The controller-runtime component, Cache, as the name implies, is a cache, which is used to establish the Informer’s connection to the ApiServer to watch the resources and push the watched objects into the queue; the Controller will register the eventHandler with the Informer on the one hand, and get the data from the queue on the other.

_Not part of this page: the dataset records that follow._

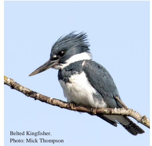
Belted Kingfisher.

The Western Rivers Action Network (WRAN) is Audubon's multi-state grassroots effort to protect rivers across the Colorado River Basin. In the arid West we are all connected by rivers; they are the lifeblood of our land, our economy, our way of life. Western rivers, like the Colorado River and its tributaries, provide water for tens of millions of people, including Native American tribes and the major cities of Albuquerque, Denver, Phoenix, and Tucson. The Colorado River also irrigates nearly six million acres of farms and ranches.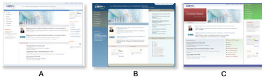
Fig. 1. University departments home page designs used in the experiment. Design A represents the high concinnity condition, B the balance condition, and C the high information .

In order to explore the usefulness of Coates theory an experiment was conducted in which the participants evaluated three alternative homepage designs of a university department’s website. Each design was prior assigned to one of the high concinnity , high information and balanced areas of the “Information – Concinnity” continuum (figure 1). In the initial phase of the study the three experimental designs were selected out of the six homepages which were identical in terms of text, images and logo but they differed in accordance to form, color, general layout and style. The homepages were designed with the intent to differ considerably in the “Information - Concinnity” scale. Given the complexity of the information and concinnity constructs we had the participants to evaluate their constituent components and then we calculated a score for each design. To that end forty four volunteer students (28 male, 16 female) of the university department in question evaluated the six homepages on Symmetry , Order , Contrast , Balance , Complexity and Novelty on a 9 point scale.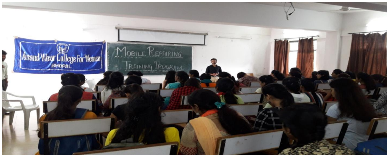
A workshop of 60 hours on mobile repairing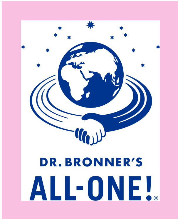
Minimum clearance for stars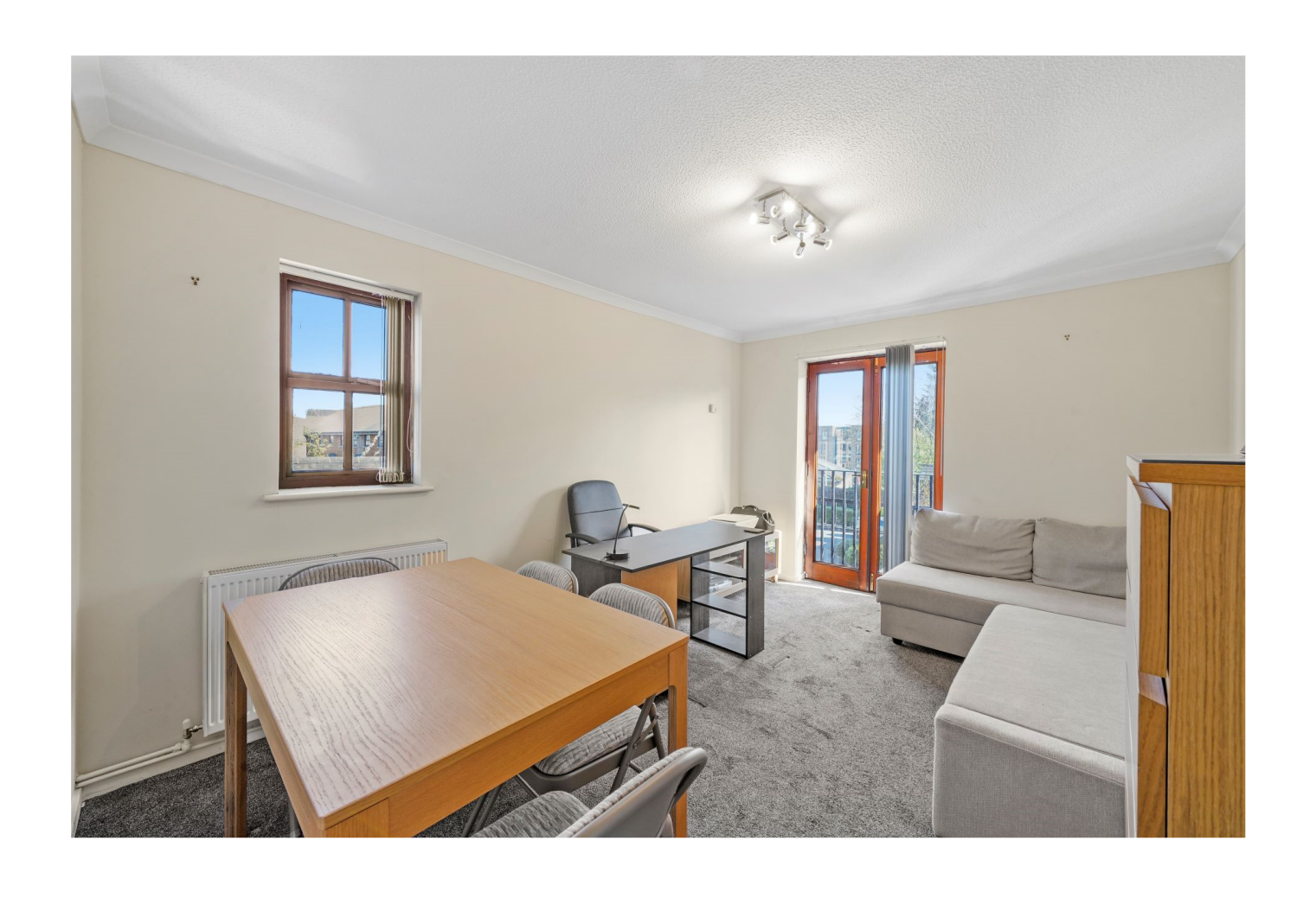
\ \, \textbf{A view from reception room} \\

On the other hand, the controller will take data from the queue and execute the user-side Reconciler functions.

The entire workflow on the controller-runtime side is as follows.

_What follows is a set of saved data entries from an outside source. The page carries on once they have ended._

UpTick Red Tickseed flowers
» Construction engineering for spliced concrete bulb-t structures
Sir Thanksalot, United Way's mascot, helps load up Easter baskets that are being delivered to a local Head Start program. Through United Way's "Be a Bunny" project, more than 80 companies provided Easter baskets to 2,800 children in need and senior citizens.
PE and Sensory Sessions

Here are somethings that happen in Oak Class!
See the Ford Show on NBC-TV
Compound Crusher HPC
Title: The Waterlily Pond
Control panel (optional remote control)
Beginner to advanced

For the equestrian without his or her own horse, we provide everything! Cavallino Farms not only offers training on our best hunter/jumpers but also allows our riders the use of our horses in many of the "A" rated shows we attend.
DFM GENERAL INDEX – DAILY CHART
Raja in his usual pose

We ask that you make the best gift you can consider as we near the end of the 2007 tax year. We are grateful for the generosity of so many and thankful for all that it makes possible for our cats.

controller-runtime workflow

First, the Controller registers a resource-specific eventHandler with the Informer; then the Cache starts the Informer, which sends a request to the ApiServer to establish a connection; when the Informer detects a resource change, it uses the When the Informer detects a resource change, it uses the eventHandler registered with the Controller to determine if it is pushed into the queue; when an element is pushed into the queue, the Controller takes the element out and executes the Reconciler on the user side.

Usage

The following describes several different scenarios of usage.

General Usage

We are already familiar with the usage of controller-runtime, and the simplest usage can be expressed in the following code.

 1
 2
 3
 4
 5
 6
 7
 8
 9
10
11
12
13
14
15
16
17
18
19
20
21
22
23
24
func start() {
    scheme := runtime.NewScheme()
    _ = corev1.AddToScheme(scheme)
    // 1. init Manager
    mgr, _ := ctrl.NewManager(ctrl.GetConfigOrDie(), ctrl.Options{
        Scheme: scheme,
        Port:   9443,
    })
    // 2. init Reconciler(Controller)
    _ = ctrl.NewControllerManagedBy(mgr).
        For(&corev1.Pod{}).
        Complete(&ApplicationReconciler{})

    // 3. start Manager
    if err := mgr.Start(ctrl.SetupSignalHandler()); err != nil {
    }
}

type ApplicationReconciler struct {
}

func (a ApplicationReconciler) Reconcile(ctx context.Context, request reconcile.Request) (reconcile.Result, error) {
    return reconcile.Result{}, nil
}

The first step is to initialize the Manager and generate a default configuration of the Cache.

The second step is to initialize the Controller.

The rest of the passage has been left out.